The class will meet Mondays, 4-6, in Room A through May 19th.
CREDITS: The course can be taken for either 2 or 3 credits at your option. Initially, all students are registered for the 2 credit option. If you’d like to take the course for 3 credits, you must let me know no later than April 11, 2008. Once the registrar changes your registration, you will be unable to later opt back in to the 2 credit option.
GRADING: Grading will differ depending on the number of credits you choose:
· 2 credit option: There will be a 3-hour open book exam on 5/28.
· 3 credit option: You will be required to present a business plan to a panel of me and a group of 2-3 others (which may include classmates). The presentation, including Q&A, should be approximately 60 minutes. In addition to the oral presentation (with accompanying slides), you’ll need to turn in a written mini-plan (executive summary, lead generation, sales, and marketing) (no more than 5 pages), a capitalization table (current and after at least two more future rounds of financing, all the way through an IPO), a long term financing plan with corresponding milestones for each round of investment, and written follow-up for any unanswered questions during the presentation. The business can be entirely made up and infeasible (e.g. a franchised dry cleaner that uses robots to wash, fold, and iron), but the market analysis must be real and the other documents must be internally consistent. You can do the 3 credit option in groups of 2, but you are not required to work in a team. Both members of the team will receive the same grade, and teams will be expected to be a bit more thorough than individuals.
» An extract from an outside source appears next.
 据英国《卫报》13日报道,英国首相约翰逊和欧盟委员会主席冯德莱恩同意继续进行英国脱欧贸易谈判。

Deadlines for the business plan presentation (you can schedule me for anytime between 5/28 and the deadline):
Graduating students: Monday, June 2nd.
Non-graduating students: Monday, June 23rd.
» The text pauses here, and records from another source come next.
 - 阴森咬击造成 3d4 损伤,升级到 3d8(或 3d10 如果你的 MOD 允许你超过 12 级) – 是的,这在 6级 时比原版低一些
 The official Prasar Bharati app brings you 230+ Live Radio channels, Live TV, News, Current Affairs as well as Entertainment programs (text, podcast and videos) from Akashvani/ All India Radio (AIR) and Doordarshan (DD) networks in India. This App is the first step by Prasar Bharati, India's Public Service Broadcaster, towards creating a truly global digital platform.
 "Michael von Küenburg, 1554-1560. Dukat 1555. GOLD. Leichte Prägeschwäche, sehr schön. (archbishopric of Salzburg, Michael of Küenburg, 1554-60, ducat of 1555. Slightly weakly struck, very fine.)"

For both grading options, students who are particularly and consistently thoughtful during class discussions will receive 1 extra point on their grade. (Note: I’ve been in classes where participation was a major part of the grade. We’d like to avoid some of those side effects here, if possible.)
ATTENDANCE: The standard Law School policy is that you should miss no more than 1 seminar period. I doubt you’ll want to miss any sessions of this class since we’ll be having fun, but if something comes up and you need to, please let me know in advance. Except in special circumstances, you’ll lose 1 grade point for every absence after your second.
COURSE MATERIAL: The material for this course will primarily be web-based. I will disseminate the next week’s readings a week in advance and post my slides within 48 hours after class. I’ll endeavor to use Chalk, but I also maintain a blog (blog.rodkin.com) on which I’ll post the material, and I’ll tag the web readings with del.icio.us as well. (For instance, to find week 2 web assignments, go here: http://del.icio.us/jrodkin/laws61702, and click on the “week 2” related tag or go to http://del.icio.us/jrodkin/week2 and make sure it’s for this class.). Where blog posts are the required reading, please read the comments as well – a lot of the meat ends up in those.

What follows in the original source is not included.